I did have another career in mind. Murky vision may be a better way to express what was in mind at the time. Back in the sixties, many of us “kids” were not thinking so much about careers as we were about changing the world.

The story below is about the art that has been hanging at my cafes since 1975 when I opened The Coffee Connection, and which can be seen at our Downtown Crossing café (showing two works by Jose Benitez Sanchez) as well as Newtonville (4 works by Tutukila). That comprised my first career.

While at Yale in the early sixties, I gravitated towards the arts–music, painting, and literature. I spent many weekends in New York City going to avant-garde jazz concerts at night (John Coltrane, Eric Dolphy, Ornette Coleman, Albert Ayler….), and visiting art galleries and museums in the day. I was not so driven to create as to absorb and discover what others communicated in unimagined ways. I was struck with awe and wonder by the unfolding discoveries my eyes and ears received. At one point I financed, with the little money I had, and promoted jazz artists Milford Graves and Don Pullen to give a concert at Yale. I was already gravitating toward showing others what I was discovering. (Sound familiar?) My co-conspirator was Juan Negrin. We had become fast friends in Mexico City where I grew up as a teenager and later went to Yale together. Juan was already a driven artist and thinker of great originality. That is another story…. But what he did next would alter my trajectory in this world.

In the early seventies Juan became involved with the Wixarika people in the Central Sierra Madre of Mexico. It started with their art that was being exhibited in Guadalajara. These were the early days of “yarn paintings”. They were made by pressing colored yarn, a single strand at a time, into softened beeswax laid over a wooden panel. They were about the mythological stories of people popularly called the Huichol – a name given to the Wixarika (x is pronounced like a cross between and soft J and sh) by the West. He went to the city of Tepic where yarn paintings were becoming ubiquitous in a growing number of tourist stores selling indigenous crafts. There, he found a handful of artists who were producing originals that were then copied by craftsmen and sold in stores. He challenged them to return to their roots to create meaningful art with ever deeper expressions of their religion, not to be confused with folklore! This meant going back into the mountains, committing to religious pilgrimages, and learning from established shamans more deeply about their religion. Juan then followed them to the mountains and began deepening his relationship with the Wixarika culture.

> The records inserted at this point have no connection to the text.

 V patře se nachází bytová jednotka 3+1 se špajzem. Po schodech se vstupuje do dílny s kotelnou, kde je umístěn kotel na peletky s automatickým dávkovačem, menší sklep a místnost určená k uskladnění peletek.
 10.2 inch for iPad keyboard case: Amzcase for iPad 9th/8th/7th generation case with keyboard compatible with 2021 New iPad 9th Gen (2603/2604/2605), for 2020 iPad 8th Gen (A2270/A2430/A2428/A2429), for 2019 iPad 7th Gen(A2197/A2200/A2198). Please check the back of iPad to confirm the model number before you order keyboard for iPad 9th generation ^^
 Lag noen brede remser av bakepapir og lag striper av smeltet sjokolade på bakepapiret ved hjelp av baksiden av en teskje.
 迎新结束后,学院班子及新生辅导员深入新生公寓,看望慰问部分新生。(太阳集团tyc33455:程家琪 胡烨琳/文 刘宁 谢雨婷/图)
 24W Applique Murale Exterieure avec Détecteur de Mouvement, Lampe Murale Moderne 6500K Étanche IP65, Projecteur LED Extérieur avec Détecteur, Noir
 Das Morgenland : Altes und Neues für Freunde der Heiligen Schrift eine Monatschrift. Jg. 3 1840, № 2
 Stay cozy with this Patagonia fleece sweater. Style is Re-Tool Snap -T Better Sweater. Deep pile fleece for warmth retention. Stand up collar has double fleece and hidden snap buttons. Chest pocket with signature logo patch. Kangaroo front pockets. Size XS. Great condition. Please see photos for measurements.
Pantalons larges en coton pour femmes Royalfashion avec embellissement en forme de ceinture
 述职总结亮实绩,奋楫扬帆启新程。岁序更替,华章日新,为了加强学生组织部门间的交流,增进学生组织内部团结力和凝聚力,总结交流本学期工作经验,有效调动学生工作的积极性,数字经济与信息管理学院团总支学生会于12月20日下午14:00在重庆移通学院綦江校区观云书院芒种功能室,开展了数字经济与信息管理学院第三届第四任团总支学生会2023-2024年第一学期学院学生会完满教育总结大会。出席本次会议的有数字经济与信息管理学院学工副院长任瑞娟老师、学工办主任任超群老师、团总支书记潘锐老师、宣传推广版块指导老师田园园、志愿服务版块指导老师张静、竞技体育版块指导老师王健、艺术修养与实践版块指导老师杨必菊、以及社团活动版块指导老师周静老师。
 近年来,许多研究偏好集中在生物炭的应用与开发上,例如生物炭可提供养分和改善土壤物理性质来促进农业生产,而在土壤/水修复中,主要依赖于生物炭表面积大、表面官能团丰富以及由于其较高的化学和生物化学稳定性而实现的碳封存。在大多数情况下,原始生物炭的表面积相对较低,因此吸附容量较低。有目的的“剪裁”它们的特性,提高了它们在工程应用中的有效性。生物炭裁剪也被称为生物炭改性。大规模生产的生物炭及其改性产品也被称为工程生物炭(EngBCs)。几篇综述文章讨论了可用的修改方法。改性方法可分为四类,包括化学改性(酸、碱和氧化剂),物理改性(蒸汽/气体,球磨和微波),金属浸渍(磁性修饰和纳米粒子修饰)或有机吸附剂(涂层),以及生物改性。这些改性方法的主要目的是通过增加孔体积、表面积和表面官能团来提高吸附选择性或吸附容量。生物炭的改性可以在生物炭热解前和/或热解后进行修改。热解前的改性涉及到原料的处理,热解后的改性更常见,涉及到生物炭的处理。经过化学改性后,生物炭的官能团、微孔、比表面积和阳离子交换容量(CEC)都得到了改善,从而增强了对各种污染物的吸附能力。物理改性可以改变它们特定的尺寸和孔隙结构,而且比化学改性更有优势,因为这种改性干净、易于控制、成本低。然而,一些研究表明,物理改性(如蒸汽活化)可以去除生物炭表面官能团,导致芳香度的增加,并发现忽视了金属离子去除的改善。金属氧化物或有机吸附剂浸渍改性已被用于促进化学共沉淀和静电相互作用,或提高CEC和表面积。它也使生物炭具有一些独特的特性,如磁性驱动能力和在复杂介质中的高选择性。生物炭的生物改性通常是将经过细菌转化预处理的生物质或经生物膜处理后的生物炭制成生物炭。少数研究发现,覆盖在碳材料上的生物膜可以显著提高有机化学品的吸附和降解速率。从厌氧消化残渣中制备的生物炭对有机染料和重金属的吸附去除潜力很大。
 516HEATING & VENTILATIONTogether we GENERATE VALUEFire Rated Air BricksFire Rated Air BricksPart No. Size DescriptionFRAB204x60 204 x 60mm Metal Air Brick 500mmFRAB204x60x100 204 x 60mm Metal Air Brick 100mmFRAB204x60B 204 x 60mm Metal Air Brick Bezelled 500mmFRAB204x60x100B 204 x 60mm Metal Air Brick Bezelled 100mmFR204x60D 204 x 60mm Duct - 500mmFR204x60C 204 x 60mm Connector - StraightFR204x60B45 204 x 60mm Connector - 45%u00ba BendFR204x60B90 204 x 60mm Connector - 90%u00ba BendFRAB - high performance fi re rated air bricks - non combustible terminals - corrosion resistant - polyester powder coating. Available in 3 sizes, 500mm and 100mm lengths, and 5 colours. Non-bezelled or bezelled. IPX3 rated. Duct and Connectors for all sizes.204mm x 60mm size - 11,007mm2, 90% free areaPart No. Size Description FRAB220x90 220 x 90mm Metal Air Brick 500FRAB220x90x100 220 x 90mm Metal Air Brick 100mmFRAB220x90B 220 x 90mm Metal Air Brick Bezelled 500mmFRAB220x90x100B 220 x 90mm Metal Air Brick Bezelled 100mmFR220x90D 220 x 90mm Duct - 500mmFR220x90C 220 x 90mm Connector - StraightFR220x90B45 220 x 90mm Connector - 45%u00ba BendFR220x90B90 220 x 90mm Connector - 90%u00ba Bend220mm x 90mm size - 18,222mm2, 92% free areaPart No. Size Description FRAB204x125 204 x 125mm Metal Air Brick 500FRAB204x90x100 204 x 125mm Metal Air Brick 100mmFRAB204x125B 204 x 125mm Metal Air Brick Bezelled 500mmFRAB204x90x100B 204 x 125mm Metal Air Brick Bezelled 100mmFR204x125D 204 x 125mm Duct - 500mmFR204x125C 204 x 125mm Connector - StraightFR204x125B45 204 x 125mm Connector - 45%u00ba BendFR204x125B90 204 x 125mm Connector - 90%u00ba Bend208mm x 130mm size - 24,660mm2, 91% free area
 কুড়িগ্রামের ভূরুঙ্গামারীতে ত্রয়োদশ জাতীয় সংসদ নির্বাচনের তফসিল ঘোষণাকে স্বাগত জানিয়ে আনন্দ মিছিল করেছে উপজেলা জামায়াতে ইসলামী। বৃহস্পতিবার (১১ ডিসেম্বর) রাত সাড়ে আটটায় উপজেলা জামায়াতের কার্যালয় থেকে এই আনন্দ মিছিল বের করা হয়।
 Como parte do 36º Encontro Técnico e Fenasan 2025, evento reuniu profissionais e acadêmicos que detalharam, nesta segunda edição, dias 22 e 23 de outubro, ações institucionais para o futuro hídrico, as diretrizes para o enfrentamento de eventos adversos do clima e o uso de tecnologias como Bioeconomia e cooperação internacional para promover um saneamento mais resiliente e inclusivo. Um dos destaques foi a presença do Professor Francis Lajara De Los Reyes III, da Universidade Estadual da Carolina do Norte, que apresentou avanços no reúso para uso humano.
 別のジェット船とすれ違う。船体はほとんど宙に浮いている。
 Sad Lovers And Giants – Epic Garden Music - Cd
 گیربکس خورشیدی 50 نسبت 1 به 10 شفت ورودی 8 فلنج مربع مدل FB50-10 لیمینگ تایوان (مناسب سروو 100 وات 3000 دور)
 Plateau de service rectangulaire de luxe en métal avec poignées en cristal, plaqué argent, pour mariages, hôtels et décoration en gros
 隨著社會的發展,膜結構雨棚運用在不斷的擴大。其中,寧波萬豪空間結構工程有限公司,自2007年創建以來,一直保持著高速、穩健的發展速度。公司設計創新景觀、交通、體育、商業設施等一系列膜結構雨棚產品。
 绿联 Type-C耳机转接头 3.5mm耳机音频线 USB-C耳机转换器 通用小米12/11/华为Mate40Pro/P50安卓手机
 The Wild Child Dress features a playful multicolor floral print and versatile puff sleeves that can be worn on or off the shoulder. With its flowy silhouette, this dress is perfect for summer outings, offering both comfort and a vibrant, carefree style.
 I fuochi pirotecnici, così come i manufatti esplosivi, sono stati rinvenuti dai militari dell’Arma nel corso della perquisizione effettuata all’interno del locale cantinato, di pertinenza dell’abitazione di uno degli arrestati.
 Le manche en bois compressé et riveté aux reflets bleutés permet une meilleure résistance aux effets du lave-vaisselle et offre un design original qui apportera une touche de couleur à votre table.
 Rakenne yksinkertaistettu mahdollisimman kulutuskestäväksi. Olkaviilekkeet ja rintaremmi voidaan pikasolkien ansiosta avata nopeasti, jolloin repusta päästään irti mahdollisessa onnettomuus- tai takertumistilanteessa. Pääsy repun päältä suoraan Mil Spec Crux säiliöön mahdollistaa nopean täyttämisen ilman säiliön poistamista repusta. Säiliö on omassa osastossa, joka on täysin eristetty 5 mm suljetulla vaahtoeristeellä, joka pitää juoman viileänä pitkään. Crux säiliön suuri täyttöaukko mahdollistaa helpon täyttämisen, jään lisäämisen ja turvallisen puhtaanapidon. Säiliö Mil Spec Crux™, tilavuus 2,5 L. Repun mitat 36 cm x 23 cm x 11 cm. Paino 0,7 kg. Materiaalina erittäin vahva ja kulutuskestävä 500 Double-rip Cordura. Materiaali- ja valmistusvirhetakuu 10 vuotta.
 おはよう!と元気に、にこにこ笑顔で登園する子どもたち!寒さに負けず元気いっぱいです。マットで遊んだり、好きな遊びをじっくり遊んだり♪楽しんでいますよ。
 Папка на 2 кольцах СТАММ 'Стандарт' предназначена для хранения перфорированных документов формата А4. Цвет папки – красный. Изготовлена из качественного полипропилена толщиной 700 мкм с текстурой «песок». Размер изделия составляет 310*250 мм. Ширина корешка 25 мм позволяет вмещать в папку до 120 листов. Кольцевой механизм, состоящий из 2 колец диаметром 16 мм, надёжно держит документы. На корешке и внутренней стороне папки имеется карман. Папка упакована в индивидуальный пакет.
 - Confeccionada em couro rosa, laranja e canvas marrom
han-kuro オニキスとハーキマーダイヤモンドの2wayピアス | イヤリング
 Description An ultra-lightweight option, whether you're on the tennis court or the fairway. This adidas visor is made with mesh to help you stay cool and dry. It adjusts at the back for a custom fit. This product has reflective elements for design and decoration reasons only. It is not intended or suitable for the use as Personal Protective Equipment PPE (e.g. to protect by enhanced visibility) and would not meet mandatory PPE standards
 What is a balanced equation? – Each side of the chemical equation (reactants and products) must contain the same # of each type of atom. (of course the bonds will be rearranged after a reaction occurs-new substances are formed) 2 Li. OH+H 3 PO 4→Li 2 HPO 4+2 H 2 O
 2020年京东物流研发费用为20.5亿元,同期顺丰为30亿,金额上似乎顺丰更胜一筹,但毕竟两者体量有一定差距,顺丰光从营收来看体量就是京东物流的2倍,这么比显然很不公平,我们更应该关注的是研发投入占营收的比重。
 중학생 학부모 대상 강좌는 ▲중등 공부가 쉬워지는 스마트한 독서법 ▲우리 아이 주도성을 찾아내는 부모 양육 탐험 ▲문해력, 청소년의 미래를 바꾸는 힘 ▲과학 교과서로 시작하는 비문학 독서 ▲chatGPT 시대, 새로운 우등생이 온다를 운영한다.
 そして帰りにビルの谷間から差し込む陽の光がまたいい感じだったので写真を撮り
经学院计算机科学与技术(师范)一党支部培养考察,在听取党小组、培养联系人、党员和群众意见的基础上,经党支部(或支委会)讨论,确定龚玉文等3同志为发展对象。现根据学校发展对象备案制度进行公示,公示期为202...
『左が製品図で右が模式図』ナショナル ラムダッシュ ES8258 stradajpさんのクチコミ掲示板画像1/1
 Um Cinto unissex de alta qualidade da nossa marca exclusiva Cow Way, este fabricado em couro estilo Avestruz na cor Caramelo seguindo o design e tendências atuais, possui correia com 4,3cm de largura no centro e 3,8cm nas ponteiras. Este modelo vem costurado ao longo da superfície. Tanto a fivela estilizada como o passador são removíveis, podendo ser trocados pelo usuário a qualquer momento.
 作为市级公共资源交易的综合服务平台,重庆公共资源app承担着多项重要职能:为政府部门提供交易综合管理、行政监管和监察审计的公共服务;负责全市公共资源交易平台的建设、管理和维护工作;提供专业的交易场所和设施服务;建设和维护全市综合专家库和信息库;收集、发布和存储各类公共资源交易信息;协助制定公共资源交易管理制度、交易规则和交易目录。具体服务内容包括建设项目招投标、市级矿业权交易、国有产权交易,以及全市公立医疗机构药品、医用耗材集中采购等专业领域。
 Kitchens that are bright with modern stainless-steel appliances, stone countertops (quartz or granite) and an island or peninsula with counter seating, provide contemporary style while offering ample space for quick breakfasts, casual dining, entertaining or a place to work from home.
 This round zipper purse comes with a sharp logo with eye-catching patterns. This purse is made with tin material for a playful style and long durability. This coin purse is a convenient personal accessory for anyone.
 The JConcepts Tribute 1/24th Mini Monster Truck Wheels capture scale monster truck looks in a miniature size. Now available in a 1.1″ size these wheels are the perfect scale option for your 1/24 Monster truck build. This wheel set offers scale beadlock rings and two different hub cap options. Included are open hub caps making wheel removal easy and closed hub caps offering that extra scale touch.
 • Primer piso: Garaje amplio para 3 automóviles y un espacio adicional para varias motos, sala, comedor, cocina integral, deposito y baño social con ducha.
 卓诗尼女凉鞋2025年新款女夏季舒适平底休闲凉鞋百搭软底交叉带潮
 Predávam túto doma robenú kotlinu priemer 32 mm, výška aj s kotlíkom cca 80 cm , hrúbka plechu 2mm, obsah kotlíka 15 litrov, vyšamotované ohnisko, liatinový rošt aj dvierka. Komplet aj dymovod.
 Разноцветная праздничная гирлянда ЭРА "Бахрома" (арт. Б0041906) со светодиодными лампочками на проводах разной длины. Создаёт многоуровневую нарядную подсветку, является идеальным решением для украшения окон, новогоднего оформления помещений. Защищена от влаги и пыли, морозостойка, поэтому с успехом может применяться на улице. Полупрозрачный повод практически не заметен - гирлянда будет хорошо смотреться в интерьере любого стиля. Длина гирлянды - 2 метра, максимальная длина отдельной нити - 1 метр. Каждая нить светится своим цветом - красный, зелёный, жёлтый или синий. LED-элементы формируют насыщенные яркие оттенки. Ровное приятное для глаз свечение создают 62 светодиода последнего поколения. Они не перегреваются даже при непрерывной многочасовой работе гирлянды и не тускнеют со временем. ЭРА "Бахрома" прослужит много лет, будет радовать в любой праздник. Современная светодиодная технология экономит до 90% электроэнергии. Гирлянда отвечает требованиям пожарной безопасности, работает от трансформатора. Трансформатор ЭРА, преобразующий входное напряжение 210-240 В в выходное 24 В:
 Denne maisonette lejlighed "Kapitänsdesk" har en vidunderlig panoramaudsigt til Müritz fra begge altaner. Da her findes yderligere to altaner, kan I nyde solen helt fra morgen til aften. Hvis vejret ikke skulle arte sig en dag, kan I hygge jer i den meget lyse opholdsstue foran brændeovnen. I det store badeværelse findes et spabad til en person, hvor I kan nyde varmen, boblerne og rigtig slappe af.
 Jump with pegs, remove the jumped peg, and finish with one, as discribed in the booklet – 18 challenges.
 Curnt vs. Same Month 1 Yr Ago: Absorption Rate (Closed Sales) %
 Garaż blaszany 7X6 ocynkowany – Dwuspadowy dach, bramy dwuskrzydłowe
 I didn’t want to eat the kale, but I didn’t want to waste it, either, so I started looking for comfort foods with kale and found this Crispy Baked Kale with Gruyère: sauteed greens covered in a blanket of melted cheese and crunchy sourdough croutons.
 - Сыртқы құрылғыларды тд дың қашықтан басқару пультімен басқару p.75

By that time, Laurie and I had moved to the San Francisco bay area where Juan was living. Juan began bringing back the yarn paintings he had bought to the San Francisco Bay area. I was blown away by the originality and vitality of the art I saw. There were four artists to begin with, and it was easy to tell their styles apart. With year each artist evolved, developing a unique, ever expanding visual language and greater thematic depth as they participated in the life and rituals of their culture. Here was a living art brimming with beauty and extraordinary individual creativity

I spent the next few years working in a local art gallery in Berkeley near the University campus, explaining the Wixarika works that Juan was bringing back from his long visits to their territory. This culminated when I set up and “curated” a Masterworks exhibit at the Los Angeles Municipal Art Gallery in January 1974. The “Masterworks” were what he deemed the most important paintings, held back from sale to be exhibited in museums as ambassadors of the complex Wixarika culture and testaments to their artistic visions.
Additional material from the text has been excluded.